Extracted data:
◇ ◇ ◇ ◇ ◇ ◇ ◇

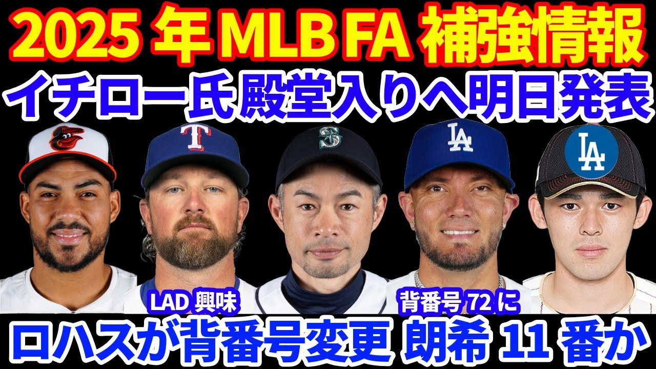 2025年MLB FA補強情報‼️ロハスが公式サイトで背番号72に変更で佐々木朗希11番確実か‼️ ドジャース inFA合計16名と契約💰 イエーツに興味💰日本時間22日朝8時 イチロー氏殿堂入り発表
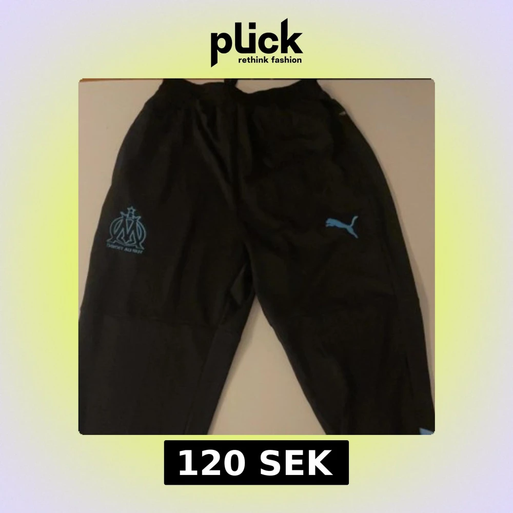 Säljer ett par svarta byxor från Puma med Olympique de Marseille-logga. Säljs för bra pris
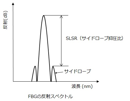 ■SLSR (Side Lobe Supression Ratio:サイドローブ抑圧比)FBG (Fiber Bragg Grating)は、光ファイバのコアに周期的な屈折率変化をつけた回折格子で、屈折率変化の周期に対応する特定の波長の光を反射します。 ところが、実際のFBGでは、反射すべき波長の両側にノイズとなる反射がみられ、これをサイドローブといいます。 SLSRは、dB表示したときの中心ピークの反射とサイドローブの差になります。 FBGの全長にわたって一様な屈折率変化である場合、原理的にサイドローブが発生します。 FBGの両端に向かって屈折率変化を徐々に小さくすること (アポダイゼーション) によって、サイドローブを抑えることができます。
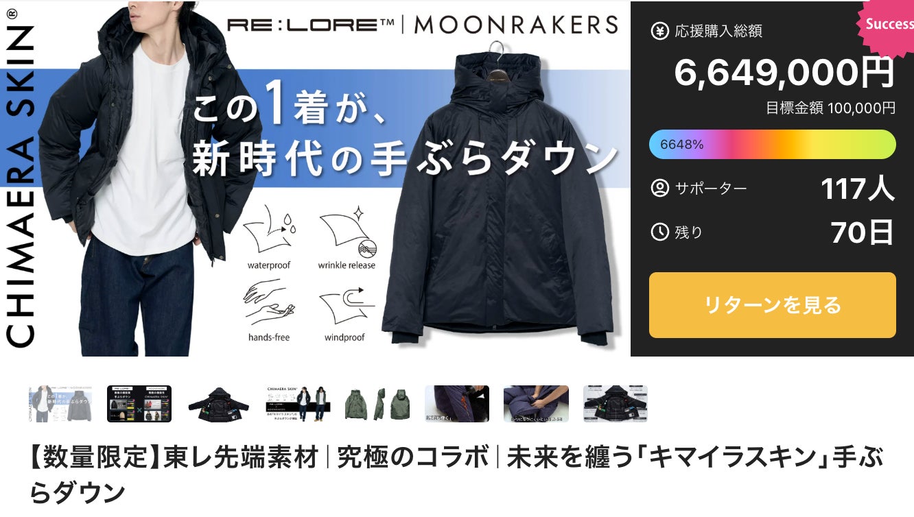 MOONRAKERSの代表的な素材「CHIMAERA SKIN®」が、RE:LORE™の「手ぶらダウン」に革新をもたらしました!
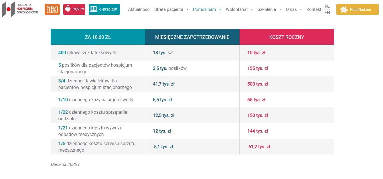 Jak widać na stronie www Fundacji Hospicjum Onkologiczne podanie przykładów kosztów dobitnie obrazuje, jak wielkim wyzwaniem jest prowadzenie tego typu placówki.
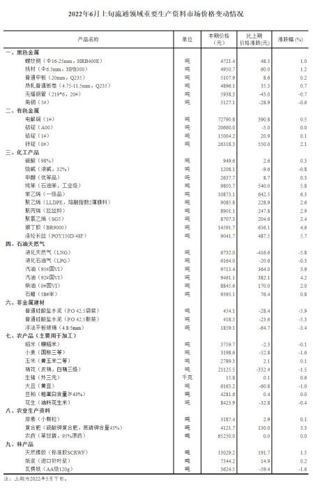 2022年6月上旬流通領(lǐng)域重要生產(chǎn)資料市場(chǎng)價(jià)格變動(dòng)情況。國(guó)家統(tǒng)計(jì)局網(wǎng)站截圖
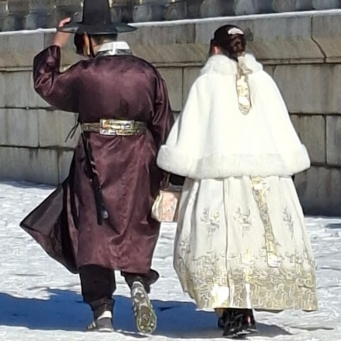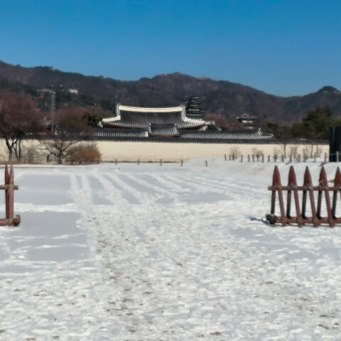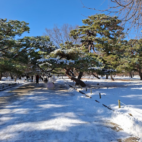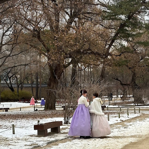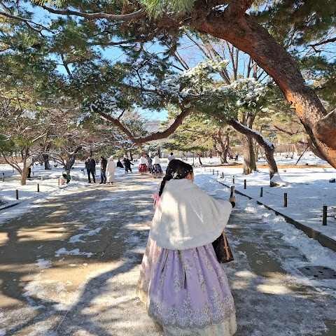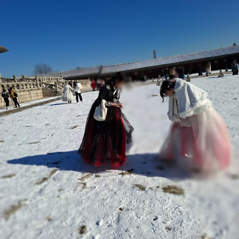 일부 지역에는 눈 덮인 지붕이 있습니다. 신사 숙녀분들은 전통 한복을 입고, 눈 덮인 지붕과 땅은 그 느낌을 더합니다.
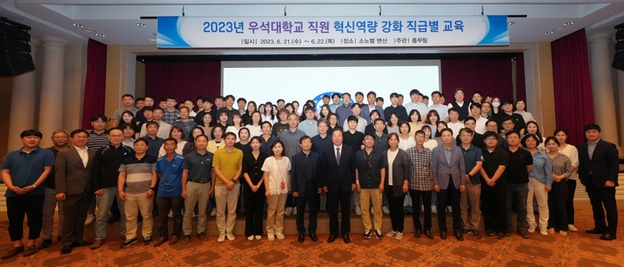 우석대학교(총장 남천현)가 직원의 혁신역량을 강화하기 위해 21일부터 양일간 소노벨 변산에서 2023학년도 직급별 교육을 진행했다.
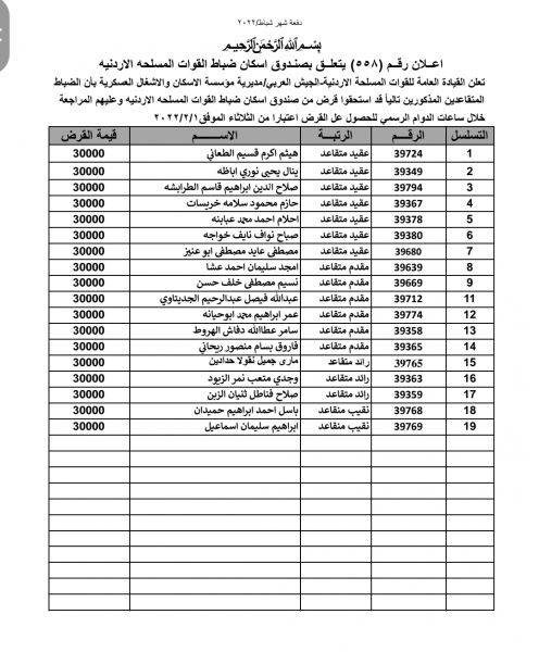 إعلان صادر عن القيادة العامة للقوات المسلحة الأردنية - الجيش العربي / مديرية مؤسسة الإسكان والأشغال العسكرية 31/01/2022
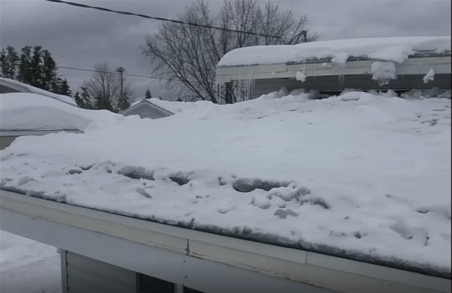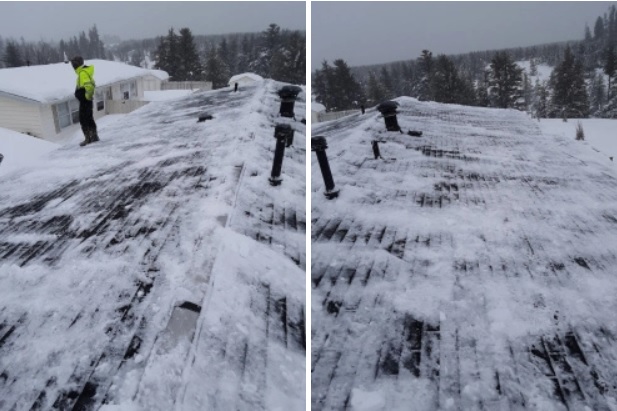 What a great neighbor you are to Leslie, to clear her roof just in time before a blizzard which surely would have caused her roof to fail and cave in.
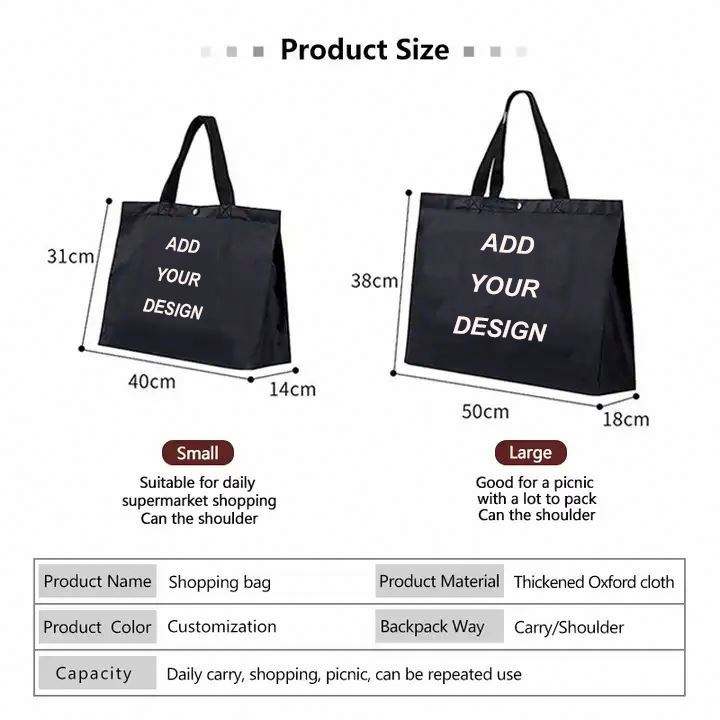 Sacs de shopping personnalisés de style décontracté et polyvalent, grande capacité, pliables, en polyester
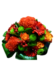 Un bouquet rond aux couleurs éclatante !  Le ton oranger du bouquet lui donne un effet vibrant et plein de vie au lieu où il rayonnera.
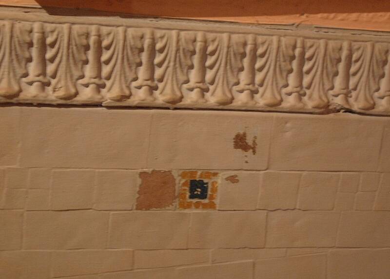 After scraping away layers of paint, the original 1928 Helio (Heliotrope) and blue tiles re-emerge, offering a glimpse into the cinema's vibrant past. These detailed tiles once adorned the lower walls, reflecting the era's taste for rich, decorative finishes. These tiles were topped with a detailed Acanthus leave plaster moulded dado finish.
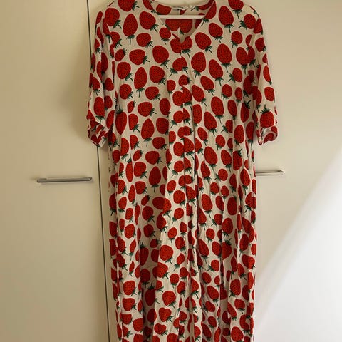 Marimekko Lennellä Mansikka -mekko. Koko 42 mutta on pieni, enemmän kokoa 40. Kai-kai 46 cm, olka-helma 130 cm. Kuuluu olla ryppynen. Mukana pussukka.
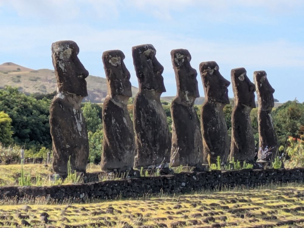Side view of the seven moai
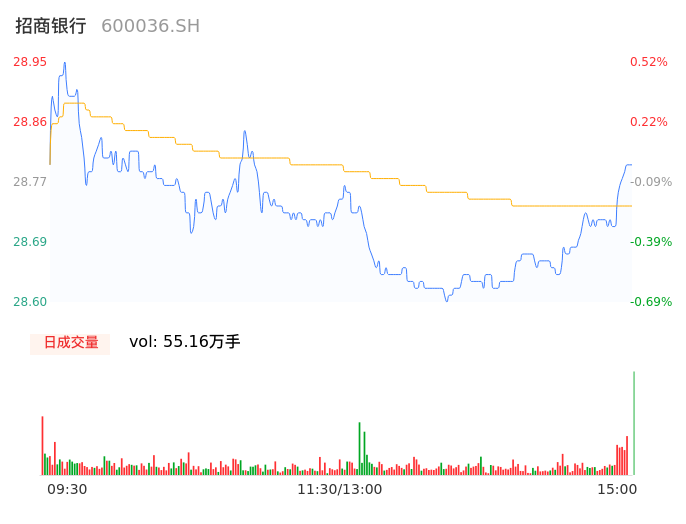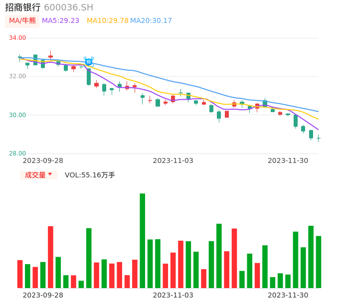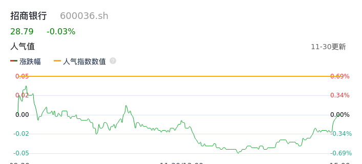 11月30日,招商银行收报28.79,股价涨幅-0.03%,成交金额15.85亿元,换手率0.27%。
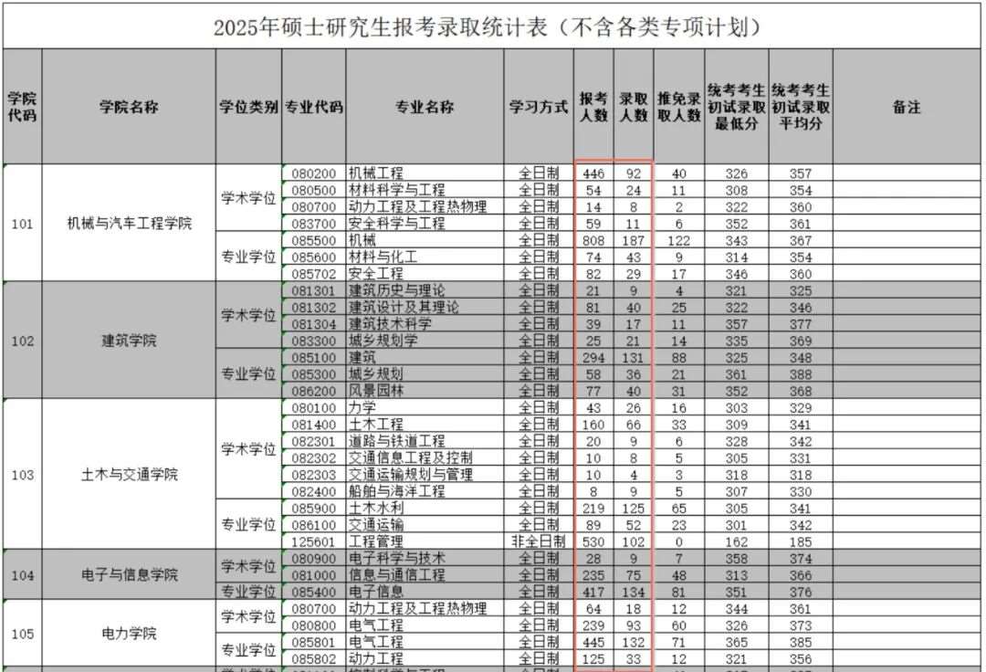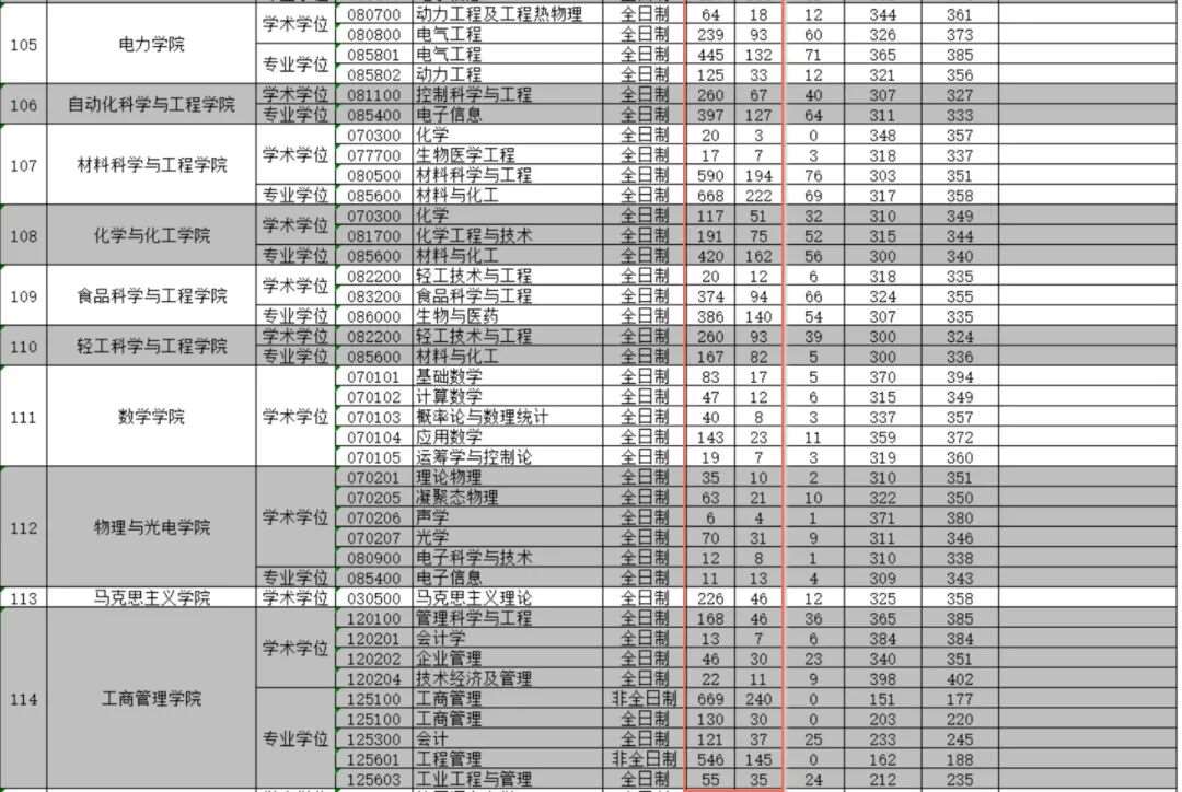 以华南理工大学080200机械工程为例。2025年报录比为446/(92-40),即8.57:1,统考*低分为326,平均分为357
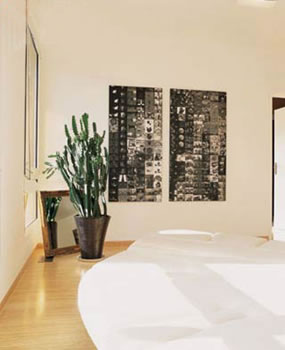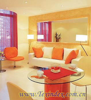 如果房間墻壁上有一塊大鏡子,鏡子里就可以反映出全屋的景象,似乎有一種房屋擴(kuò)大了的感覺(jué),其實(shí)是這種光學(xué)幻覺(jué)在起作用。鏡子可使你感覺(jué)到房間多了一扇窗似的,并能獲得另一個(gè)光源。白色沙發(fā)、橙色椅子和靠墊、同色的墻與地面,在光與影、虛與實(shí)中回旋,安靜、高貴卻時(shí)刻閃現(xiàn)著青春的色彩。
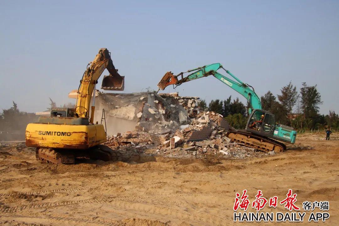 3月9日上午,万宁市万城镇依法对春园湾中电建万宁100万千瓦级漂浮式海上风电试验项目陆上用地范围内的最后三栋建筑物进行拆除,伴随着拆除机械的轰鸣声,顺利完成了整个项目的清表工作。
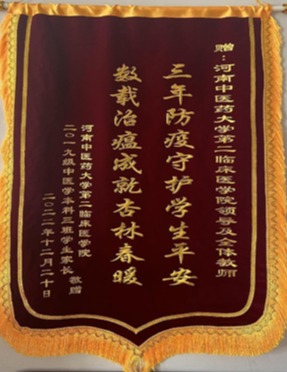 本网讯(文图/万谦)近日,leyu·乐鱼(中国)体育官方网站第二临床医学院收到了一面2019级中医三班学生家长送来的锦旗。锦旗上面绣着“三年防疫守护学生平安 数载治瘟成就杏林春暖”。短短20个字,饱含了学生家长对学院领导三年来防疫工作的支持和肯定,承载了对辅导员老师们为保障学生们的安全、生活、学习等所作的努力和辛苦付出的理解与感谢。
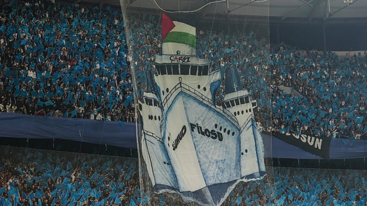 Trendyol Süper Lig’in 11. haftasında Beşiktaş, sahasında Fenerbahçe ile karşılaştı. Siyah-beyazlı taraftarlar, karşılaşma öncesinde kale arkası tribünde koreografi yaptı. Koreografide Sumud Filosu’na yer verilirken, alt tribünde de ‘Free Palestine’ pankartı açıldı.

◇ ◇ ◇ ◇ ◇ ◇ ◇

Task brief: Restate the full listing verbatim and drop every picture.

Expected answer:
 2025年MLB FA補強情報‼️ロハスが公式サイトで背番号72に変更で佐々木朗希11番確実か‼️ ドジャース inFA合計16名と契約💰 イエーツに興味💰日本時間22日朝8時 イチロー氏殿堂入り発表
 Säljer ett par svarta byxor från Puma med Olympique de Marseille-logga. Säljs för bra pris
 ■SLSR (Side Lobe Supression Ratio:サイドローブ抑圧比)FBG (Fiber Bragg Grating)は、光ファイバのコアに周期的な屈折率変化をつけた回折格子で、屈折率変化の周期に対応する特定の波長の光を反射します。 ところが、実際のFBGでは、反射すべき波長の両側にノイズとなる反射がみられ、これをサイドローブといいます。 SLSRは、dB表示したときの中心ピークの反射とサイドローブの差になります。 FBGの全長にわたって一様な屈折率変化である場合、原理的にサイドローブが発生します。 FBGの両端に向かって屈折率変化を徐々に小さくすること (アポダイゼーション) によって、サイドローブを抑えることができます。
 MOONRAKERSの代表的な素材「CHIMAERA SKIN®」が、RE:LORE™の「手ぶらダウン」に革新をもたらしました!
 Jak widać na stronie www Fundacji Hospicjum Onkologiczne podanie przykładów kosztów dobitnie obrazuje, jak wielkim wyzwaniem jest prowadzenie tego typu placówki.
 2022年6月上旬流通領(lǐng)域重要生產(chǎn)資料市場(chǎng)價(jià)格變動(dòng)情況。國(guó)家統(tǒng)計(jì)局網(wǎng)站截圖
 일부 지역에는 눈 덮인 지붕이 있습니다. 신사 숙녀분들은 전통 한복을 입고, 눈 덮인 지붕과 땅은 그 느낌을 더합니다.
 우석대학교(총장 남천현)가 직원의 혁신역량을 강화하기 위해 21일부터 양일간 소노벨 변산에서 2023학년도 직급별 교육을 진행했다.
 إعلان صادر عن القيادة العامة للقوات المسلحة الأردنية - الجيش العربي / مديرية مؤسسة الإسكان والأشغال العسكرية 31/01/2022
 What a great neighbor you are to Leslie, to clear her roof just in time before a blizzard which surely would have caused her roof to fail and cave in.
 Sacs de shopping personnalisés de style décontracté et polyvalent, grande capacité, pliables, en polyester
 Un bouquet rond aux couleurs éclatante !  Le ton oranger du bouquet lui donne un effet vibrant et plein de vie au lieu où il rayonnera.
 After scraping away layers of paint, the original 1928 Helio (Heliotrope) and blue tiles re-emerge, offering a glimpse into the cinema's vibrant past. These detailed tiles once adorned the lower walls, reflecting the era's taste for rich, decorative finishes. These tiles were topped with a detailed Acanthus leave plaster moulded dado finish.
 Marimekko Lennellä Mansikka -mekko. Koko 42 mutta on pieni, enemmän kokoa 40. Kai-kai 46 cm, olka-helma 130 cm. Kuuluu olla ryppynen. Mukana pussukka.
Side view of the seven moai
 11月30日,招商银行收报28.79,股价涨幅-0.03%,成交金额15.85亿元,换手率0.27%。
 以华南理工大学080200机械工程为例。2025年报录比为446/(92-40),即8.57:1,统考*低分为326,平均分为357
 如果房間墻壁上有一塊大鏡子,鏡子里就可以反映出全屋的景象,似乎有一種房屋擴(kuò)大了的感覺(jué),其實(shí)是這種光學(xué)幻覺(jué)在起作用。鏡子可使你感覺(jué)到房間多了一扇窗似的,并能獲得另一個(gè)光源。白色沙發(fā)、橙色椅子和靠墊、同色的墻與地面,在光與影、虛與實(shí)中回旋,安靜、高貴卻時(shí)刻閃現(xiàn)著青春的色彩。
 3月9日上午,万宁市万城镇依法对春园湾中电建万宁100万千瓦级漂浮式海上风电试验项目陆上用地范围内的最后三栋建筑物进行拆除,伴随着拆除机械的轰鸣声,顺利完成了整个项目的清表工作。
 本网讯(文图/万谦)近日,leyu·乐鱼(中国)体育官方网站第二临床医学院收到了一面2019级中医三班学生家长送来的锦旗。锦旗上面绣着“三年防疫守护学生平安 数载治瘟成就杏林春暖”。短短20个字,饱含了学生家长对学院领导三年来防疫工作的支持和肯定,承载了对辅导员老师们为保障学生们的安全、生活、学习等所作的努力和辛苦付出的理解与感谢。
 Trendyol Süper Lig’in 11. haftasında Beşiktaş, sahasında Fenerbahçe ile karşılaştı. Siyah-beyazlı taraftarlar, karşılaşma öncesinde kale arkası tribünde koreografi yaptı. Koreografide Sumud Filosu’na yer verilirken, alt tribünde de ‘Free Palestine’ pankartı açıldı.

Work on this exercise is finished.